SGLang serves an OpenAI-compatible API, so existing clients work unchanged. Beyond plain chat, the guide highlights some of SGLang’s features:

  • Structured output: constrained decoding against a JSON schema, so replies are guaranteed to parse
  • Prefix caching you can see: RadixAttention reuses the KV cache of repeated prompt prefixes, and the server reports the hit count on every response
  • Batched workload: the final example classifies 273 passages from thirteen classic books by author, combining reasoning with structured output and sending them concurrently for SGLang to batch on the GPU, then checks the model’s accuracy against ground truth

The serving side is a single script, serve_sglang.py: it creates the sandbox, starts the server inside it, and prints the endpoint and its access token once the server is healthy. The model served is gpt-oss-20b, a mixture-of-experts model whose MXFP4-quantized weights fit in about 15 GB of VRAM, leaving the rest of the GPU free for serving capacity.

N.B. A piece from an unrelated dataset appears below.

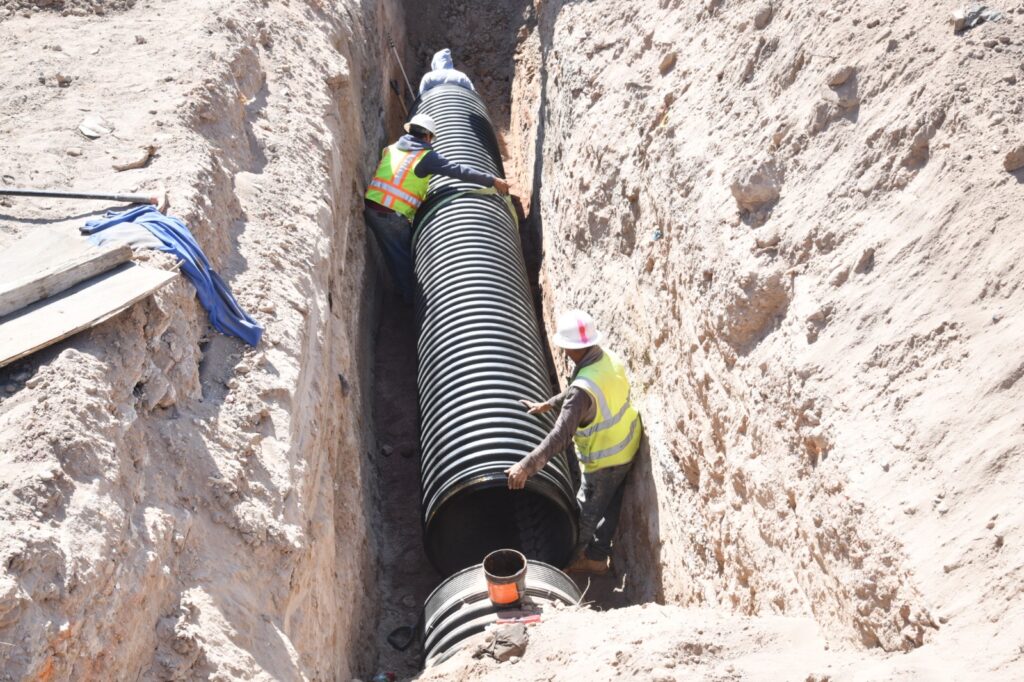 Asimismo, se ha concluido la instalación de 812 metros lineales de tubería de 60 pulgadas para la red principal del colector pluvial, de un total de mil 250 metros previstos, y se realizó el suministro de 720 metros de tubería de 48 pulgadas, con lo cual se refuerza la capacidad de captación y conducción del sistema hidráulico.

The script serve_sglang.py performs four steps to get a live endpoint:

  1. Create: A GPU sandbox boots straight from the official lmsysorg/sglang image, which already carries the whole serving stack, so there is nothing to build or install
  2. Serve: sglang.launch_server runs inside the sandbox as an async session command, loading the model while the script keeps control
  3. Wait: The script polls /health_generate over the preview URL until the model clears a real forward pass, echoing the startup logs as they stream
  4. Hand off: Once the server is healthy, it prints ready-to-paste export ENDPOINT=... and export TOKEN=... lines

Four clients then show the endpoint in action: query.sh (curl), query_openai.py (OpenAI SDK, including the reasoning, structured output, and cache examples below), query_litellm.py (LiteLLM), and classify_passages.py (the batch classification workload).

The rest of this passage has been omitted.